**What is needed**
Only the lines from the beginning of the data through the line holding "Заключим раздел представлением" belong in the answer, printed exactly and without pictures.

**Raw data**
--------
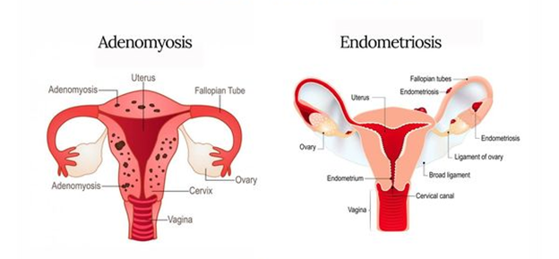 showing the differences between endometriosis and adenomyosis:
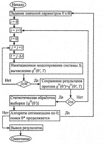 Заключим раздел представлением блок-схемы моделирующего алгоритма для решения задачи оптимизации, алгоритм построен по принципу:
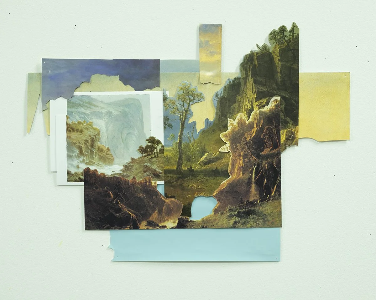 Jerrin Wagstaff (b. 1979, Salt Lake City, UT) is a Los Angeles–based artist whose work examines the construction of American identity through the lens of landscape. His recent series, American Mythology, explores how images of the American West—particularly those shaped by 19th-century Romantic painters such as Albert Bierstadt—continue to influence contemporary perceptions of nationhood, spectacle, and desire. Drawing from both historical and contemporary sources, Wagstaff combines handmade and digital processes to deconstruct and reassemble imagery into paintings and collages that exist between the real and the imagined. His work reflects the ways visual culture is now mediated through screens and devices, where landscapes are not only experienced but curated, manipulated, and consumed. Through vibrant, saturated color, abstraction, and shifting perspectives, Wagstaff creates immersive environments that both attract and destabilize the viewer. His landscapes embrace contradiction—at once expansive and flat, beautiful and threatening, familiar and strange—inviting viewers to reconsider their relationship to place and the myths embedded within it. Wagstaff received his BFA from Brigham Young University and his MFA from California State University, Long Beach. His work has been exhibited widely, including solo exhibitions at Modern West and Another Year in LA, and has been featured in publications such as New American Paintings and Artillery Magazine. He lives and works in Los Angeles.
--------
**Written response**
 showing the differences between endometriosis and adenomyosis:
 Заключим раздел представлением блок-схемы моделирующего алгоритма для решения задачи оптимизации, алгоритм построен по принципу:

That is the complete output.